Nel metodo Wharton le posizioni vengono mantenute solo per 1,5-2 secondi, quindi si torna alla posizione di partenza.
Dopo una pausa di 2 secondi, si ripete l’allungamento: si parla quindi di contrazione FLASH.
Nella foto di esempio, il soggetto svolge un’allungamento attivo della muscolatura del gluteo e del posteriore della coscia.
Quindi, bisogna sintonizzarsi su intervalli brevi.
In ogni caso non si deve mai forzare.
Non ci si deve mai spingere oltre il punto del dolore.
Lo stretching, come avete compreso, non è una soluzione istantanea ai problemi di infortunio, per cui bisogna procedere con calma e costanza. I risultati migliori, ovviamente, si hanno con un’applicazione costante e graduale.
Conclusioni
Tutte le strategie di recupero, scientificamente valide, funzionano, se sono praticabili, se si svolgono con la giusta tecnica e al momento giusto.
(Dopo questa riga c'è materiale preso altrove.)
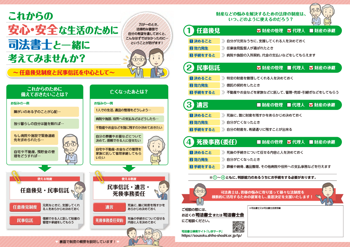 司法書士・行政書士津田リーガルオフィスでは、家族信託契約書の作成、公証人との調整、信託登記手続き、信託口口座の開設支援など、家族信託に関する様々な業務を行っております。

Se siete allenati e in forma, le strategie di recupero funzionano ancora meglio.
Se siete fuori forma, faticherete a riprendere e anche un paio di partite ravvicinate, in pochi giorni, potranno mettervi in crisi.
La prima strategia di scarico, è quella che si realizza attraverso l’attività aerobica leggera: permette di ristabilire l’equilibrio respiratorio, ormonale e cardiaco.
Le posture di scarico e lo stretching, curato e perfezionato secondo le esigenze che avete e i distretti muscolari che volete “scaricare”, sono valide strategie di ripristino della funzionalità muscolare e respiratoria.
Non aspettatevi dei miracoli: se il vostro fisico è stressato da un’errata programmazione e da una congestione di partite, lunghe e tirate, entro pochi giorni, necessariamente soffrirete il recupero e la ripresa.